The degree to which the European Union’s post-nationalist vision has transformed the continent is evident in the German region of Saarland, an area of 1 million residents hard on the French border. 

The region — marked by lush forests, gentle hills and rich coal deposits that once made Saarland an industrial jackpot — has changed hands eight times over the past 250 years. In the past century alone, it was traded between France and Germany four times.

The first of those came in the aftermath of World War I, when France claimed the territory as compensation for German destruction of France’s own coal industry.

Germany lost the land again after World War II and only got it back in 1957.

As recently as the 1990s, the nearby border was subject to strict controls. But today, it’s largely invisible. French citizens commute to Saarland for work or pop by to buy a dishwasher. Germans cross into France for lunch or to pick up a bottle of wine. French — the language of the longtime enemy and occupier — is part of the fabric of Saarland, and it’s welcome.

“We’re neighbors. We’re friends. We marry each other. One hundred years ago, we killed each other. It’s been a great evolution,” said Reiner Jung, deputy director at the Saar Historical Museum in the region’s capital, Saarbrücken.
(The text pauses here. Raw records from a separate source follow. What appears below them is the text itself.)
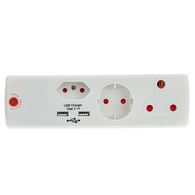 • 1 x ELECTRICMATE 1 x 16 AMP + 1 x 5 AMP + 1 x SCHUKO + 2.1 AMP USB Surge Adaptor
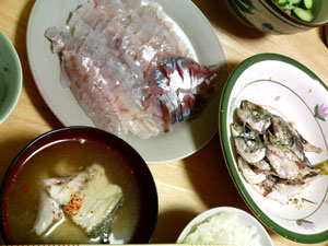 早速、昨日の我が家の食卓は、刺身、あら汁、バター焼き
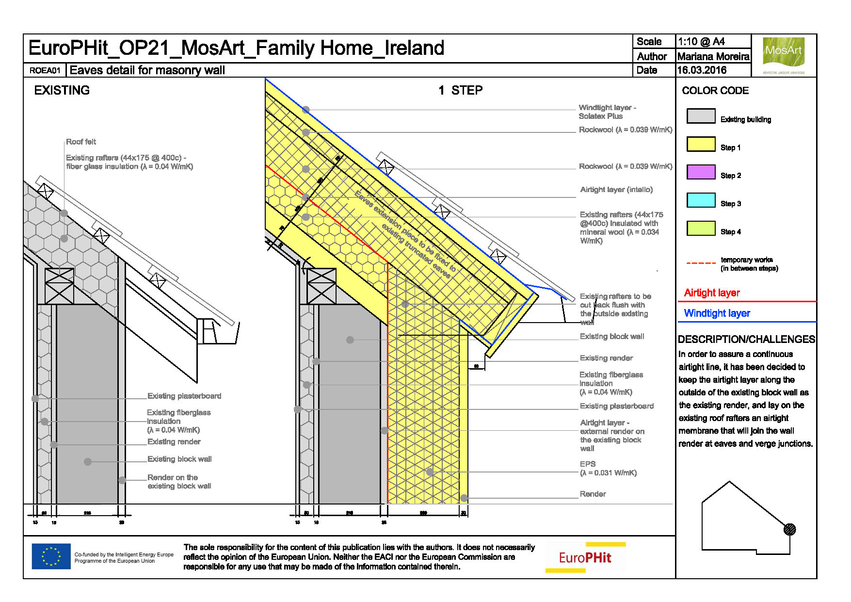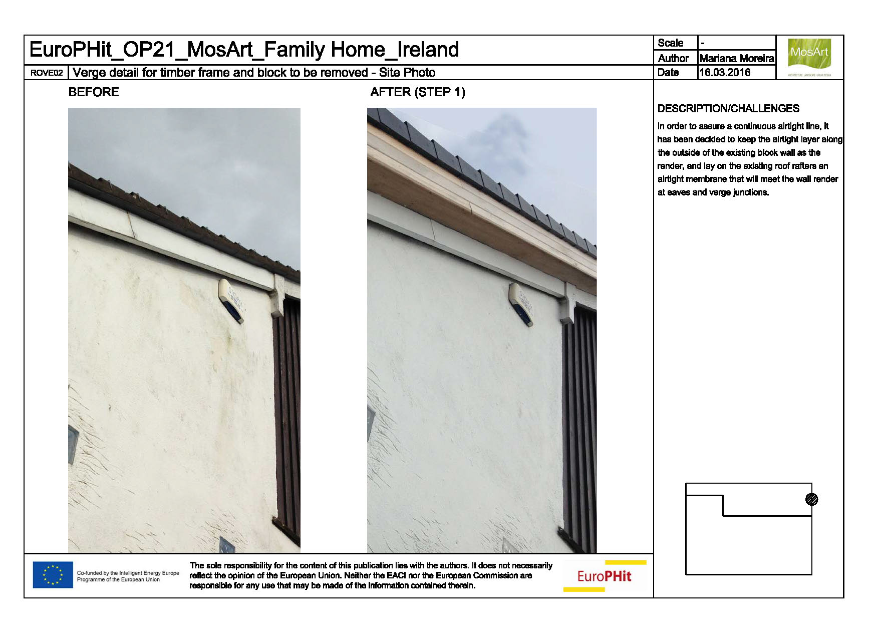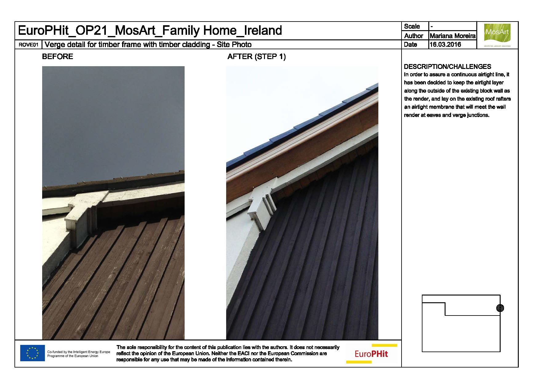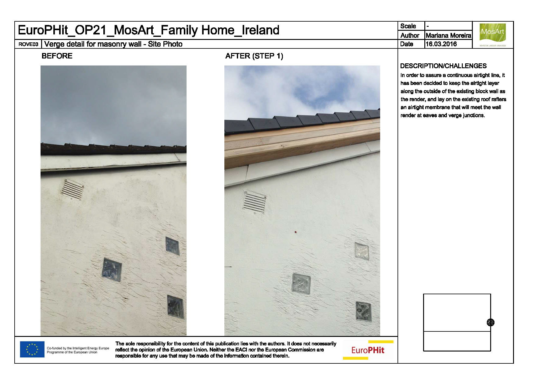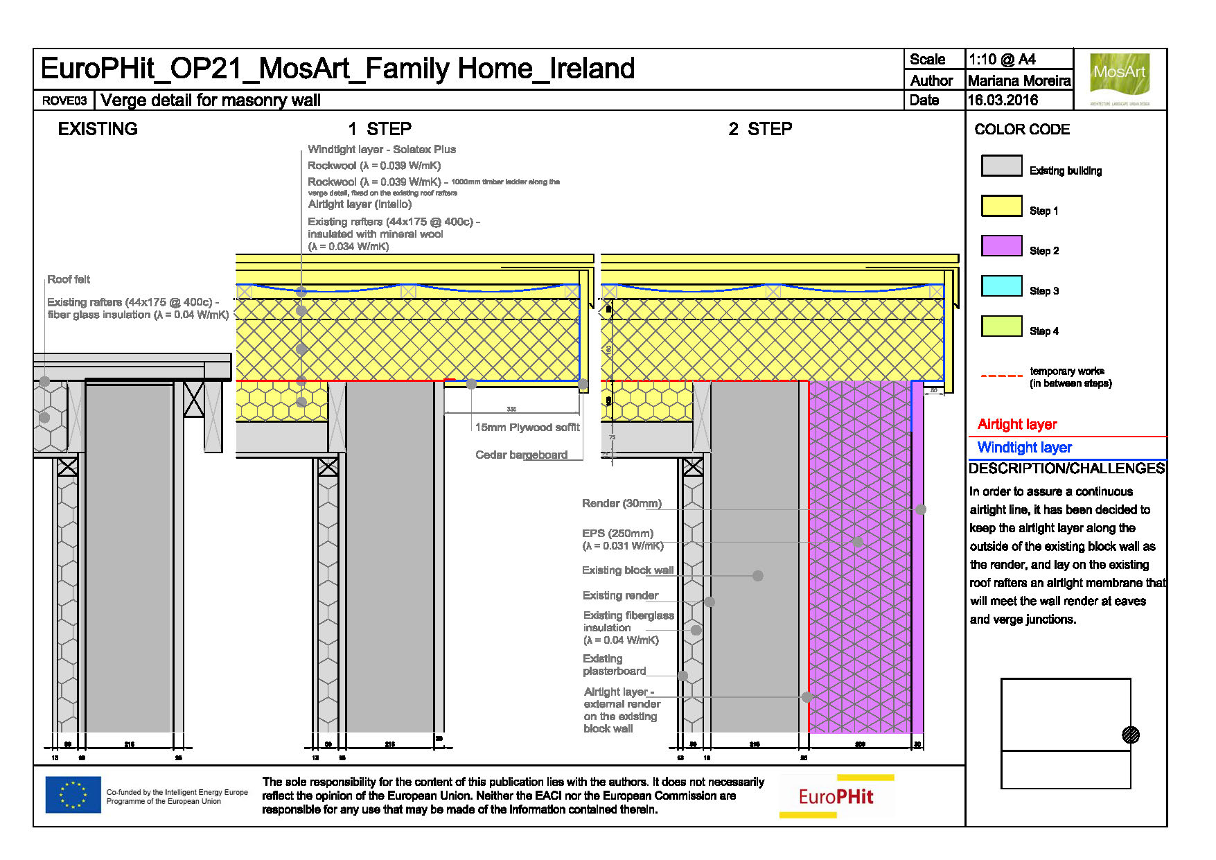Roof insulated on the slope: Existing 175mm timber rafters (44mm at 400 centres) insulated with fibreglass. Sealed 22 mm air gap between plasterboard and timber rafters. U-value: 0.250 W/m2K After: Roof insulation only on the slope (warm attic now part of the thermal envelope where the heat recovery ventilation is installed and first floor air ducting network is located). 100 mm mineral wool between existing 175 mm rafters (44mm at 400 centres), Pro Clima Intello airtight membrane above existing rafters, 150mm + 50 mm Rockwool insulation outside existing rafters and airtight membrane, Pro Clima Solitex Plus membrane over Rockwool insulation. U-value: 0.125 W/m2K
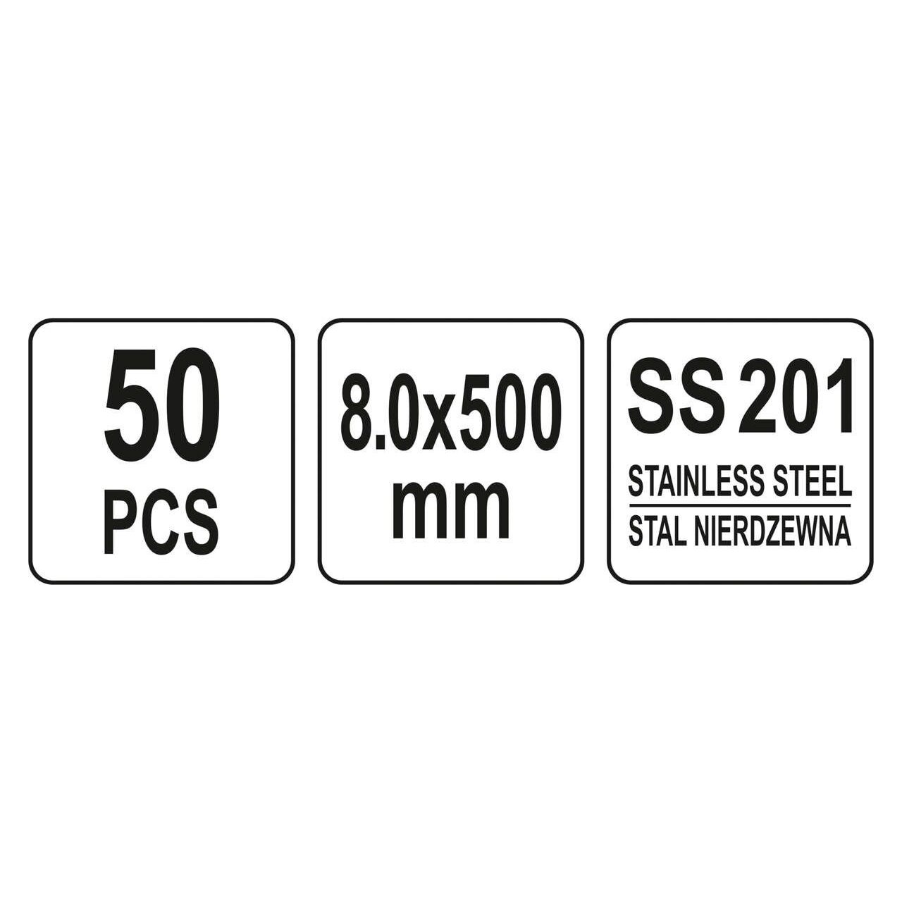 Coliere metalice reglabile 8.0 x 500mm 50buc Yato YT-70586 - Informații despre acest produs:
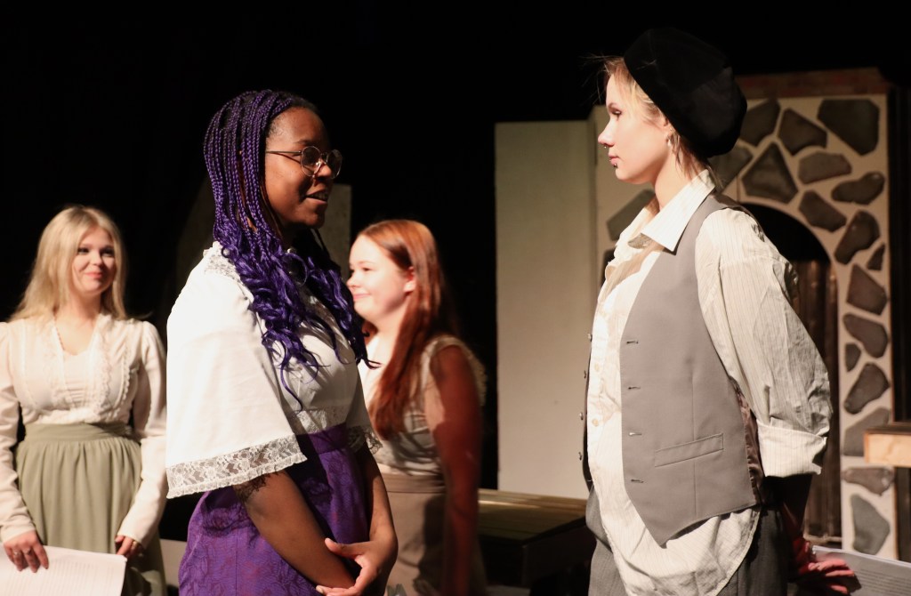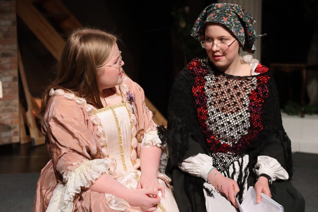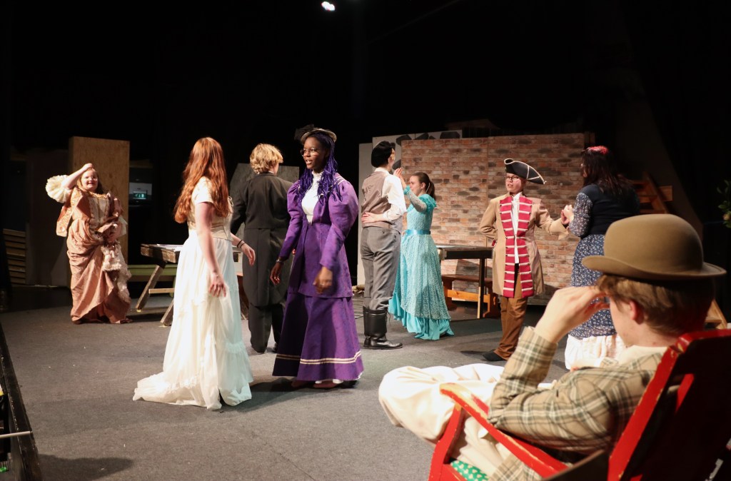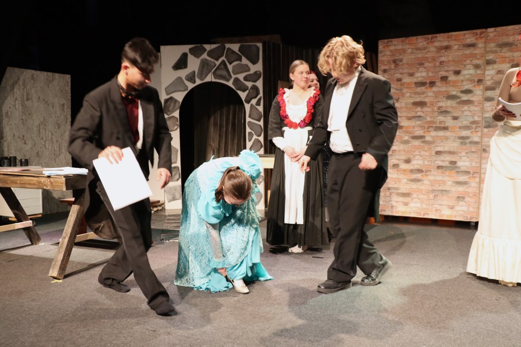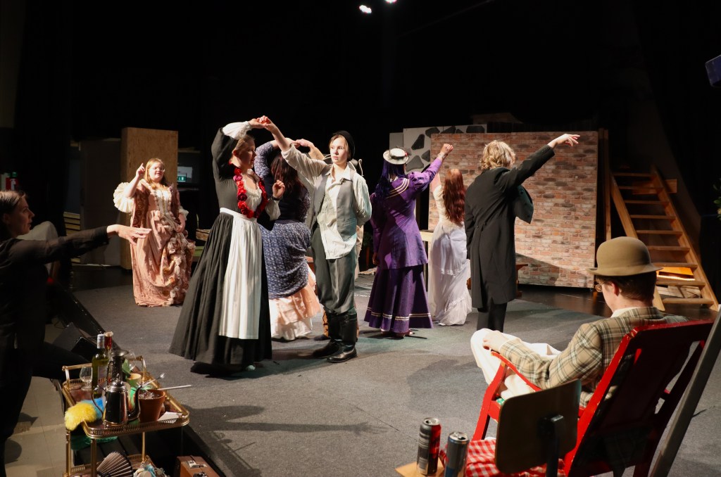 Heti alusta asti on selvää, että energiaa tällä porukalla riittää. Iloinen pulina ja hyörinä täyttää teatterin, vaihdetaan roolivaatteita, yksi keskittyy repliikkien opiskeluun, toinen pohtii miten menuetin askeleet menivät, entä musiikin ajoitus, vaihdetaan kuulumisia ja tuumitaan esimerkiksi keinutuolin oikeaa paikkaa.

Of course, countries could drop their trade barriers without creating a supranational bureaucracy. But too many people misunderstand economics and believe giving up their trade barriers is a cost, so creating a customs union, a common market, or even a European Union may often be the only way to get the substantial benefits of free trade. And frictionless trade is even harder to achieve without multinational negotiations. So there are pros and cons to arrangements such as the European Union, but we shouldn’t underestimate the great benefits of commerce and movement across national borders.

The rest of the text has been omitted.